[IEEE Trans. on Patten Analysis and Machine Intelligence, March 2000, pp. 281-297]
Learning and Design of Principal Curves
Balázs Kégl, Adam Krzyżak, Tamás Linder, and Kenneth Zeger
Abstract
Principal curves have been defined as ``self consistent'' smooth
curves which pass through the ``middle'' of a d-dimensional
probability distribution or data cloud. They give a summary of the
data and also serve as an efficient feature extraction tool. We take a new
approach by defining principal curves as continuous curves of a given
length which minimize the expected squared distance between the curve
and points of the space randomly chosen according to a given
distribution.
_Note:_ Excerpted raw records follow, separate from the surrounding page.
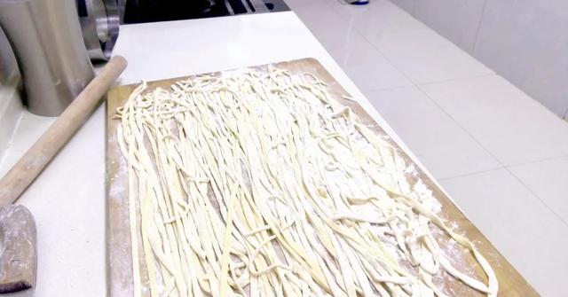 第三步、面醒好后,再次揉搓上劲,然后擀成大块,切成面条备用!
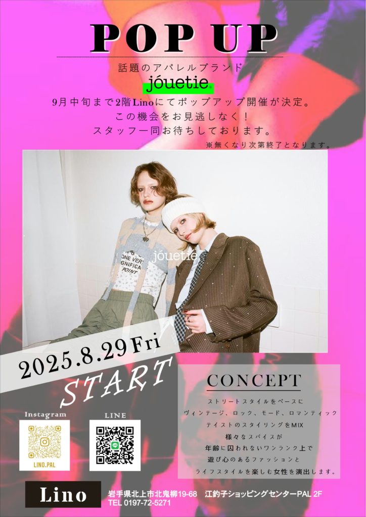PAL2階 Lino店舗内開催期間⇨8月29日(金)~9月中旬までの期間限定
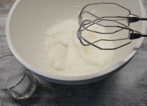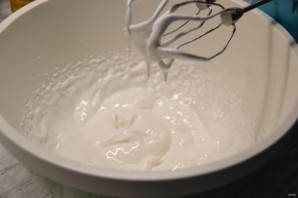 Добавьте в белки 2-3 капли лимонного сока и взбейте. Постепенно добавляя сахар взбивайте белки на высоких оборотах.

The new definition makes it possible to carry out a
theoretical analysis of learning principal curves from training data
and it also leads to a new practical construction. In our theoretical
learning scheme the classes are polygonal lines with k-segments and
with a given length, and the algorithm chooses a curve from this class
which minimizes the average squared distance over n training points
drawn independently. Convergence properties of this learning scheme
are analyzed. A practical version of this theoretical algorithm is
implemented. In each iteration of the algorithm a new vertex is added
to the polygonal line and the positions of the vertices are updated so
that they minimize a penalized squared distance criterion. Simulation
results demonstrate that the new algorithm compares favorably with
previous methods both in terms of performance and computational
complexity, and is more robust to varying data models.